══ Input records ══

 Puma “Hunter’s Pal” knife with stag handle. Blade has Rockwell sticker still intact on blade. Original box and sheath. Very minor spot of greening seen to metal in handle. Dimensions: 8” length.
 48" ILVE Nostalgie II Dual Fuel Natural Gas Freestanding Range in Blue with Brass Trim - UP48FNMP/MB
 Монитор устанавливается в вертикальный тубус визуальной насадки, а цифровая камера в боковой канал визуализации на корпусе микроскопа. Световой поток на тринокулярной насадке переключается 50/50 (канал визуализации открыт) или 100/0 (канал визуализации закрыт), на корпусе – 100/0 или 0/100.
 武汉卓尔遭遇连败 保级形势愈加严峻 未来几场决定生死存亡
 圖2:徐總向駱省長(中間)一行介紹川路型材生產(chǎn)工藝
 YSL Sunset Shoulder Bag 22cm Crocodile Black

═══
══ Input records ══

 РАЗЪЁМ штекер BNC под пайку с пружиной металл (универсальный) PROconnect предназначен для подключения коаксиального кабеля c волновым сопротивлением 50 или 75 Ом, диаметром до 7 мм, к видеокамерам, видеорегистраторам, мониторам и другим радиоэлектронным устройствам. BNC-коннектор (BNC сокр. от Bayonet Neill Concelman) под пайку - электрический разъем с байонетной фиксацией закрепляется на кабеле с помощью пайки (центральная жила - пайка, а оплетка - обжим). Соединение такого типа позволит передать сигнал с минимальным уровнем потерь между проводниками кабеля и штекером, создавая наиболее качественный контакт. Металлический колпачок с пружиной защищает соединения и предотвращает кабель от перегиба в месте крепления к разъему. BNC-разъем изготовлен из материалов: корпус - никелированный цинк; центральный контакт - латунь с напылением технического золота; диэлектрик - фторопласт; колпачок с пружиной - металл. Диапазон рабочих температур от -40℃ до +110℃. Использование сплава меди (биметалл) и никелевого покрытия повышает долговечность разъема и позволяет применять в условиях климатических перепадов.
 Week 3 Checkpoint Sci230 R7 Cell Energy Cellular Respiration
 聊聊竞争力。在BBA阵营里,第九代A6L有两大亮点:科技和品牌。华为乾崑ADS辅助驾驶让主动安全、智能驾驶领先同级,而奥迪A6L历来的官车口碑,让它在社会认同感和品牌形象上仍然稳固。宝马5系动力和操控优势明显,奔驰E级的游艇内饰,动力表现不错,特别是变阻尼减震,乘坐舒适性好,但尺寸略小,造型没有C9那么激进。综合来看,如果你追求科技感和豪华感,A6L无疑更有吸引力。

═══

## What is needed:
Give back exactly the lines above starting at the line where "武汉卓尔遭遇连败 保级形势愈加严峻 未来几场决定生死存亡" appears and ending at the line where "YSL Sunset Shoulder Bag 22cm Crocodile Black" appears, both included, with no other lines.

## Task output:
 武汉卓尔遭遇连败 保级形势愈加严峻 未来几场决定生死存亡
 圖2:徐總向駱省長(中間)一行介紹川路型材生產(chǎn)工藝
 YSL Sunset Shoulder Bag 22cm Crocodile Black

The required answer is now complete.